--- START ---

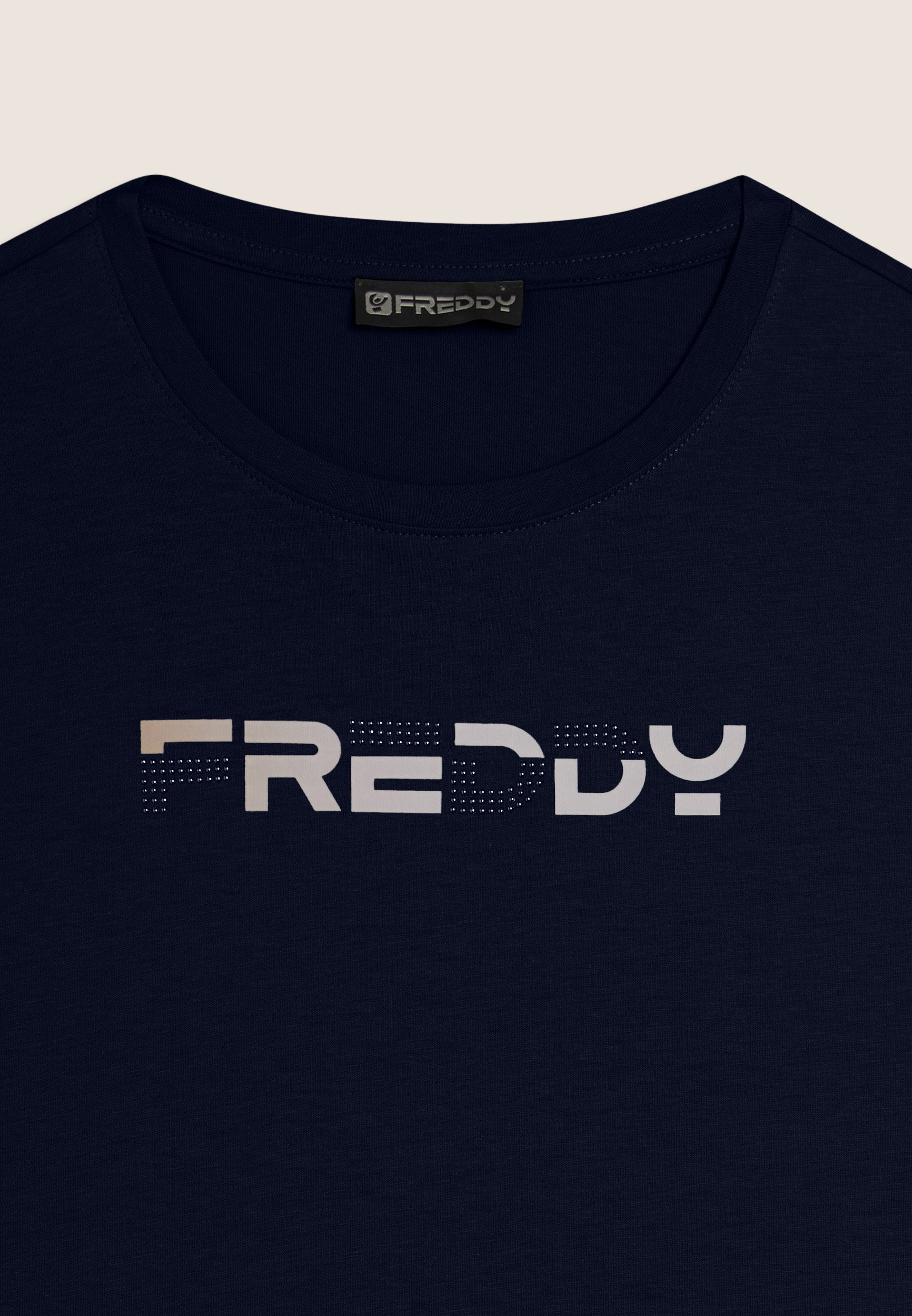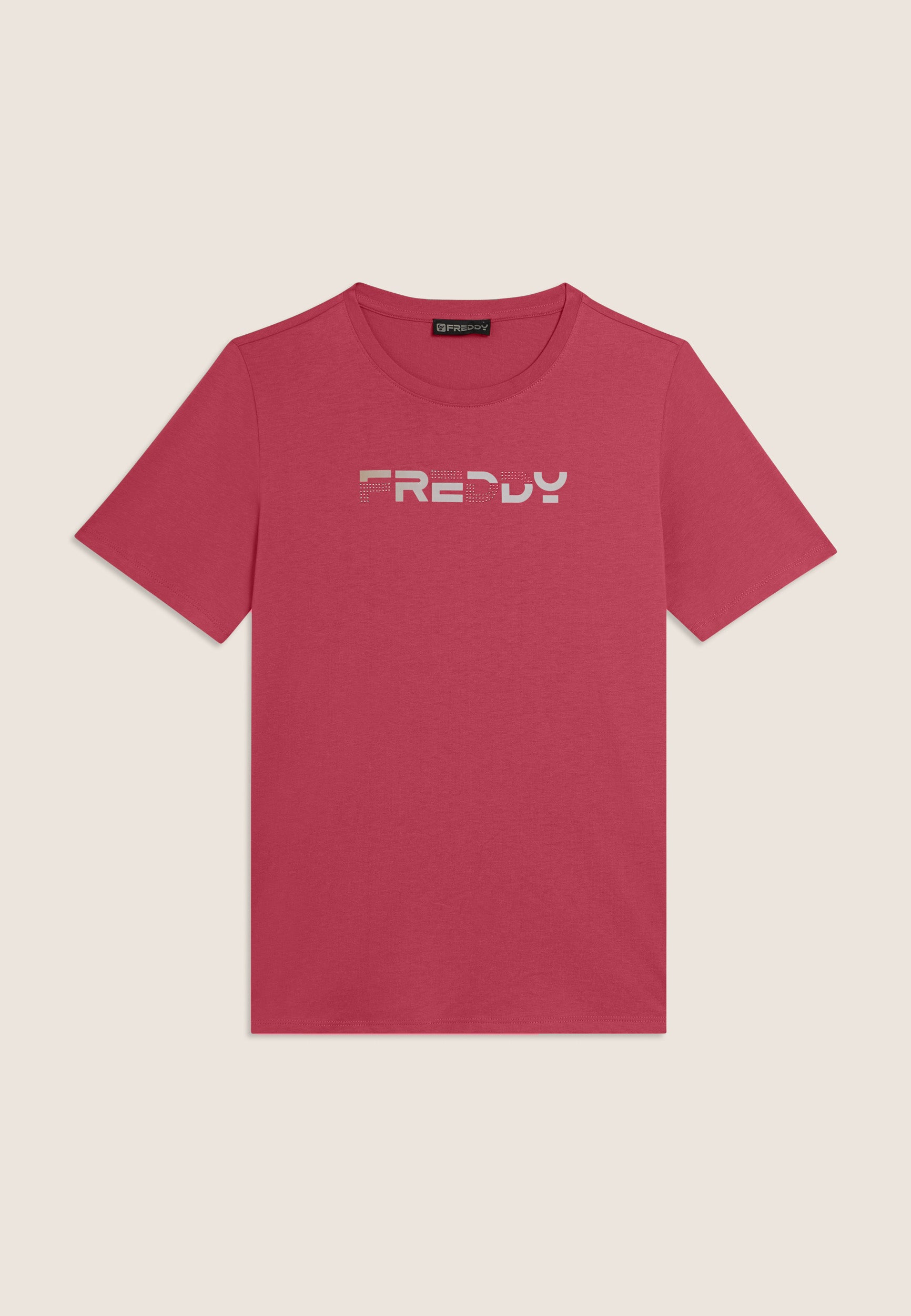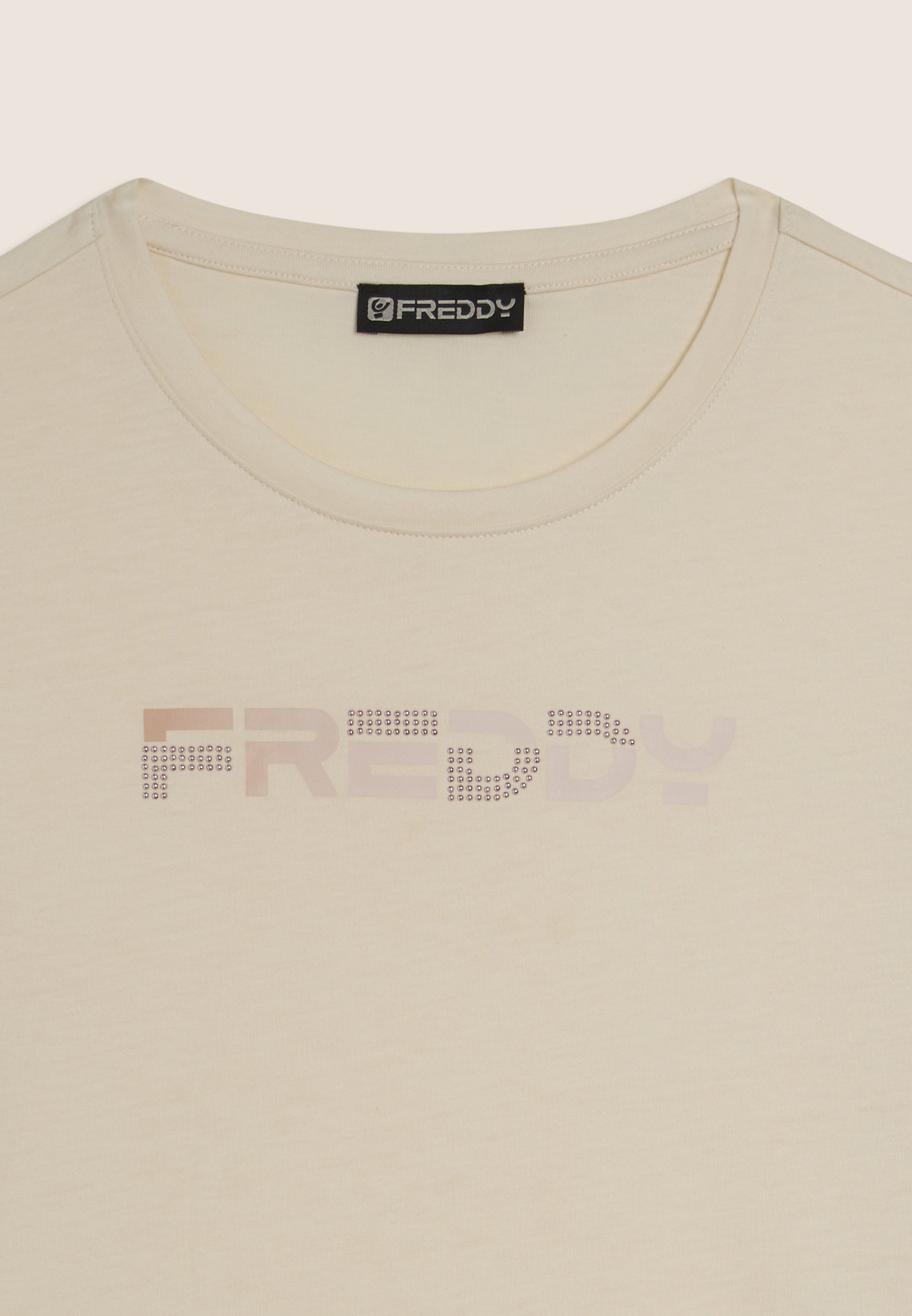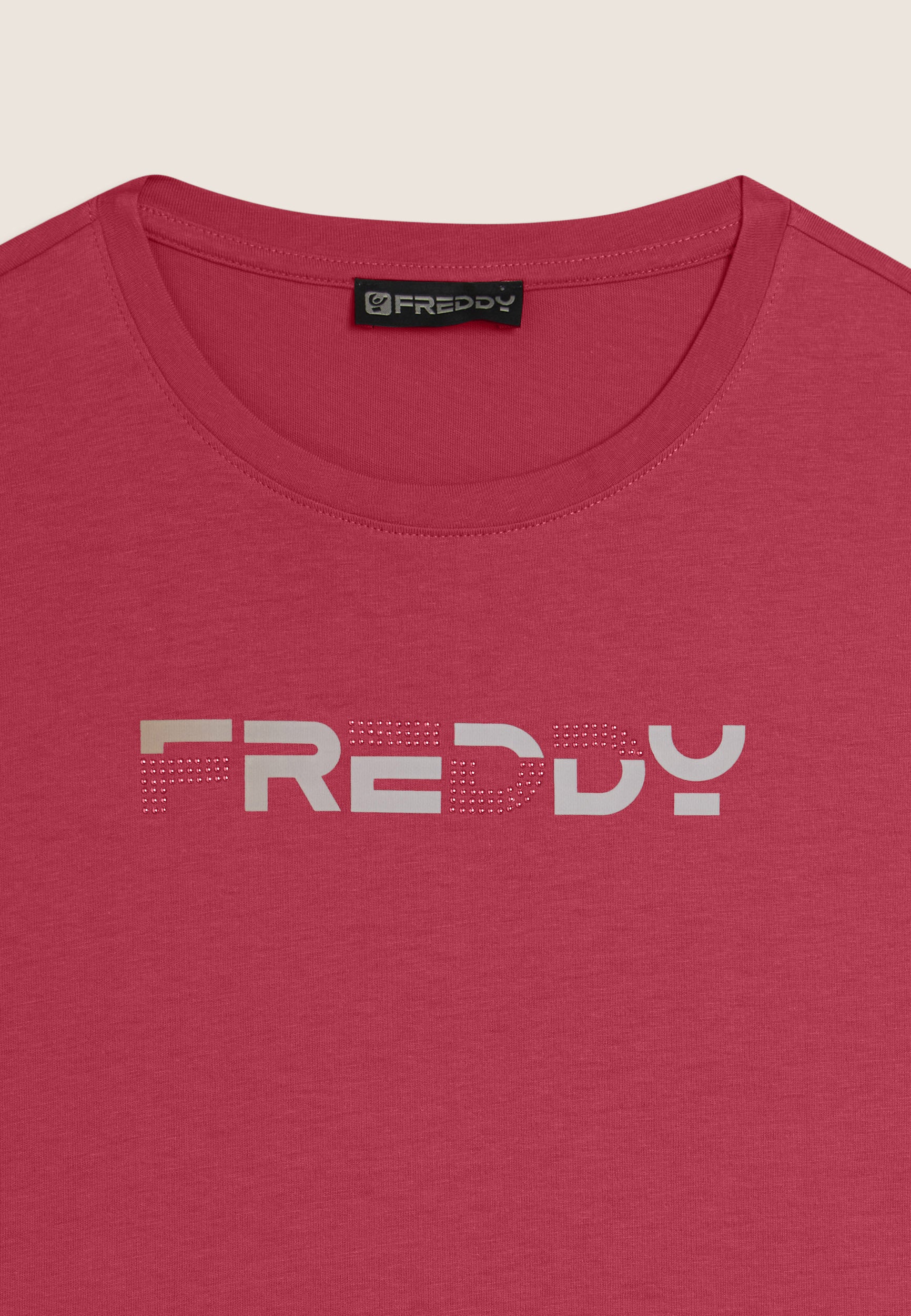 T-shirt a manica corta dal comfort eccezionale, con scollo girocollo e fondo dritto. Il logo FREDDY stampato in effetti olografici rosa chiaro sul fronte e decorato con perline dello stesso tono colore è un dettaglio che la rende unica. Il tessuto in jersey leggero di cotone e poliestere è morbido, traspirante e resistente, ideale per sport leggeri e attività quotidiane.
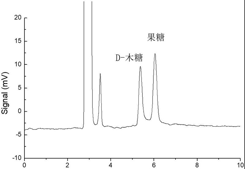 樣品溶液的配置:取D-木糖與果糖對照品,加流動相溶解并定量稀釋制成每1mL中約含D-木糖與果糖為1mg與0.2mg的系統適用性溶液。
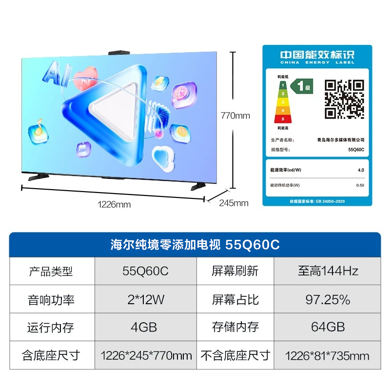 海尔纯境零添加电视 55Q60C 55英寸老人打开就能看的电视液晶家用
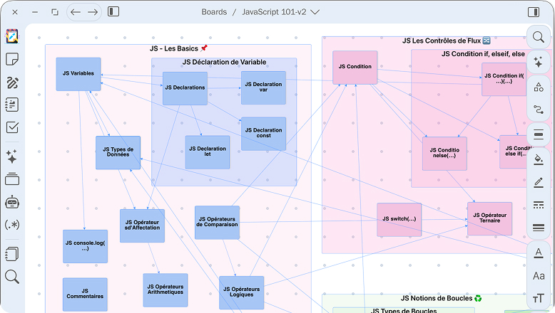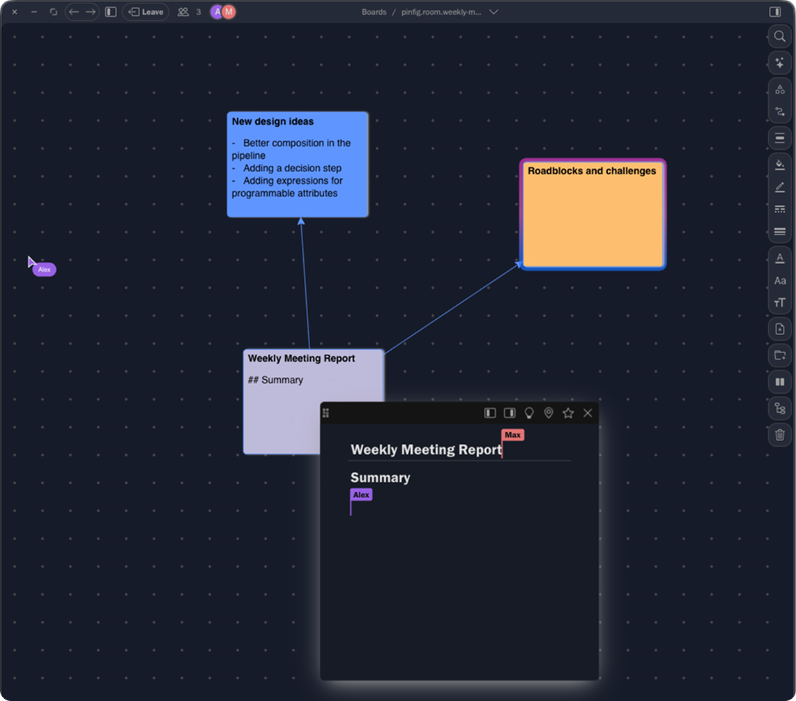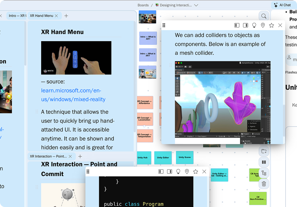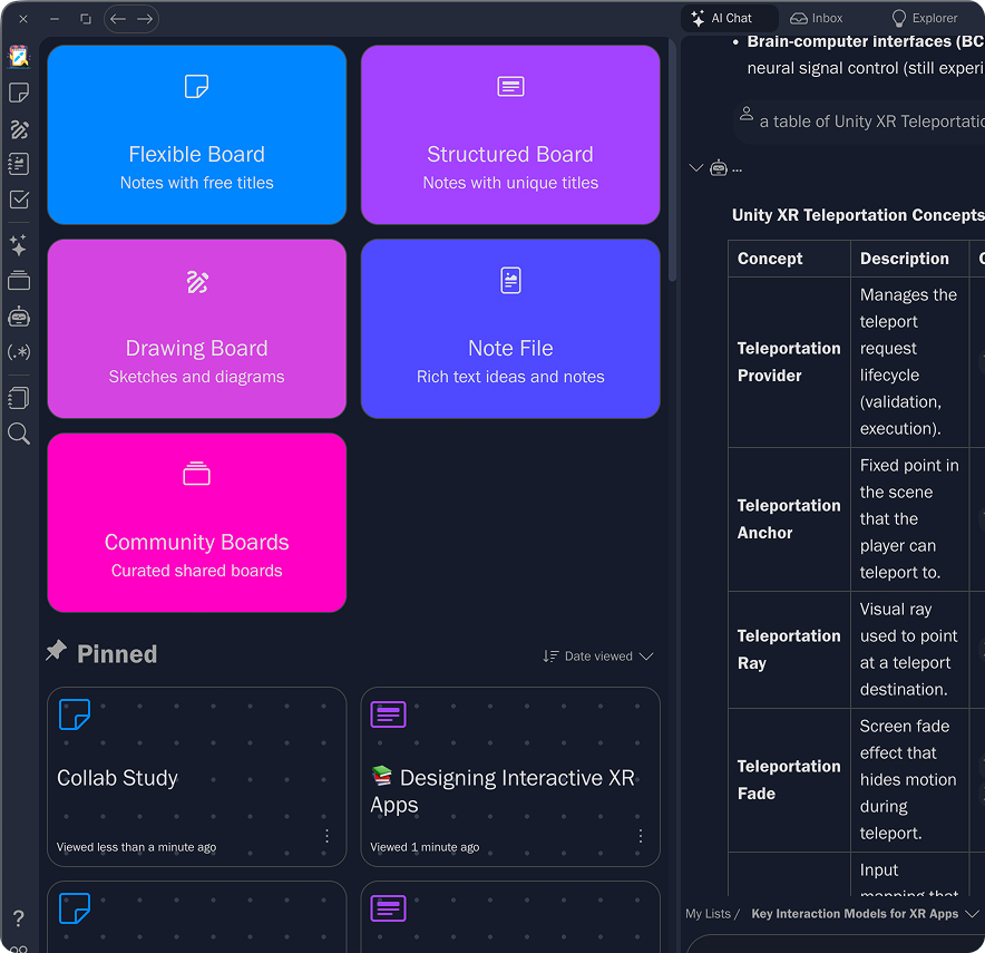 Drag and drop notes, images, and files onto an infinite canvas to see the bigger picture.
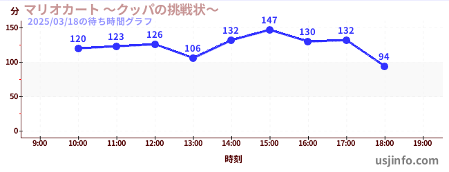 • マリオカート ~クッパの挑戦状~$B$N(B2025年03月18日の待ち時間
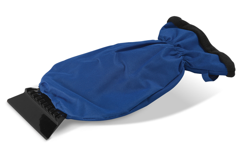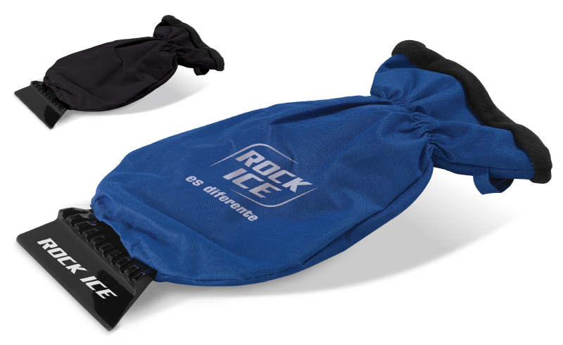 Eiskratzer mit gefüttertem Handschuh aus 600D Polyester. Nie wieder kalte Finger beim Kratzen! Standard Werbeanbringung auf dem Eiskratzer. Druck auf dem Handschuh mit Transferdruck möglich.
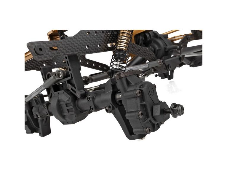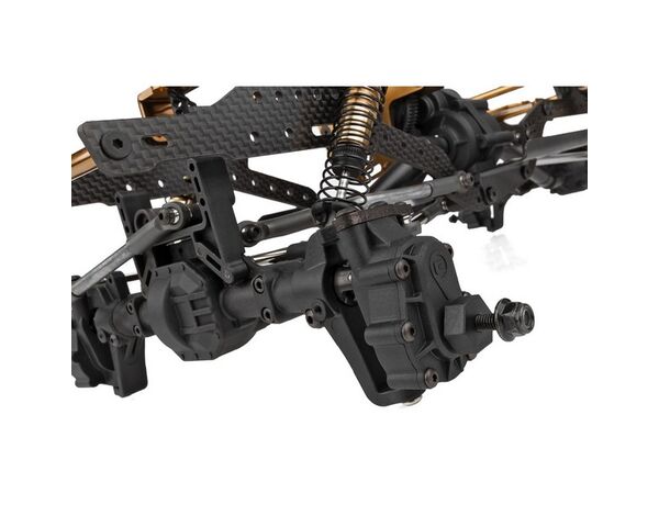 Wenn es um Rock Crawling geht, ist die Bodenfreiheit entscheidend. Deshalb enthält der Enduro Comp Fox Wettbewerbs-Rockcrawler-Kit unsere brandneuen Portalachsen mit hoher Bodenfreiheit. Mit fast einem Zoll mehr Bodenfreiheit in der Mitte der Achse im Vergleich zu herkömmlichen Starrachsen ist das Überwinden schwieriger Hindernisse ein Kinderspiel. Um das enorme Drehmoment der Portalachsen zu bewältigen, haben wir nicht nur durchgängig Metallzahnräder verwendet, sondern auch sechs Schrauben, um die Portalgetriebe zu befestigen. So viele Schrauben sorgen für ein stabileres Portalgehäuse und verringern die Gefahr, dass sich die Zahnräder unter schwerer Last lösen.
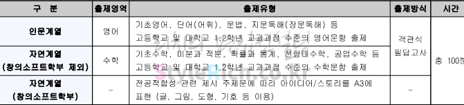 2022학년도 세종대 편입 인문 전형방법은 영어 필답고사 100%, 자연(창의소프트학부 제외) 전형방법은 수학 필답고사 100%입니다.
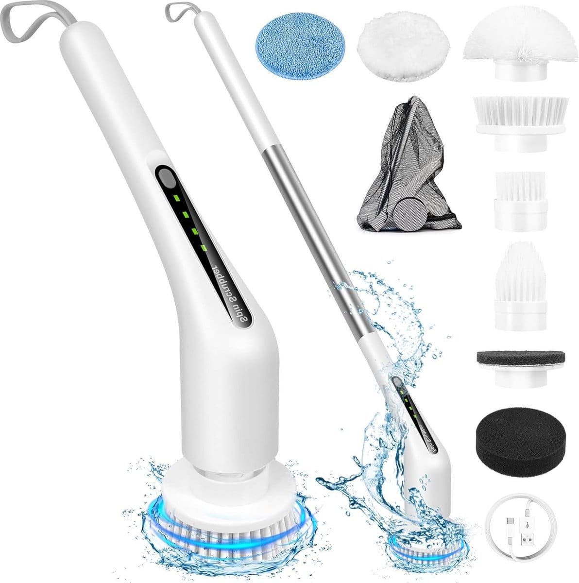 De elektrische reinigingsborstel wordt geleverd met een uittrekbare en afneembare roestvrijstalen handgreep, waardoor je elke hoek kunt reinigen zonder te hoeven bukken of strekken. Met twee toerentalinstellingen en een lange batterijduur van twee 2500 mAh batterijen, biedt deze borstel ultiem comfort en veelzijdigheid bij het schoonmaken.
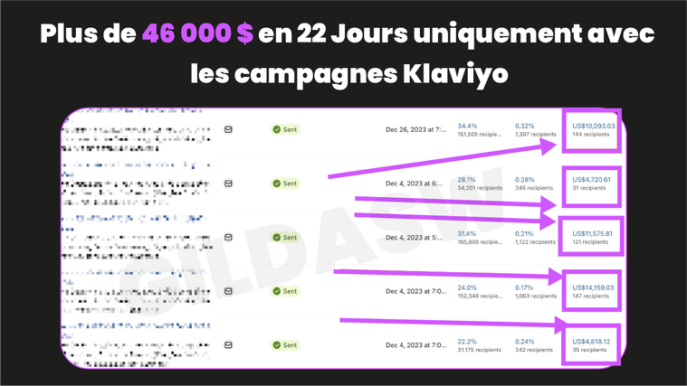 ➤ Julien (client obtenu et géré hors de la plateforme) ==⩥ 58 642,70 $US en 22 jours uniquement avec les campagns Klaviyo

--- END ---

# [TRY IT]
Reproduce word for word, with pictures dropped, only the part of the material above that opens with the line containing "2022학년도 세종대 편입" and closes with the line containing "De elektrische reinigingsborstel".

# [ANSWER BELOW]
 2022학년도 세종대 편입 인문 전형방법은 영어 필답고사 100%, 자연(창의소프트학부 제외) 전형방법은 수학 필답고사 100%입니다.
 De elektrische reinigingsborstel wordt geleverd met een uittrekbare en afneembare roestvrijstalen handgreep, waardoor je elke hoek kunt reinigen zonder te hoeven bukken of strekken. Met twee toerentalinstellingen en een lange batterijduur van twee 2500 mAh batterijen, biedt deze borstel ultiem comfort en veelzijdigheid bij het schoonmaken.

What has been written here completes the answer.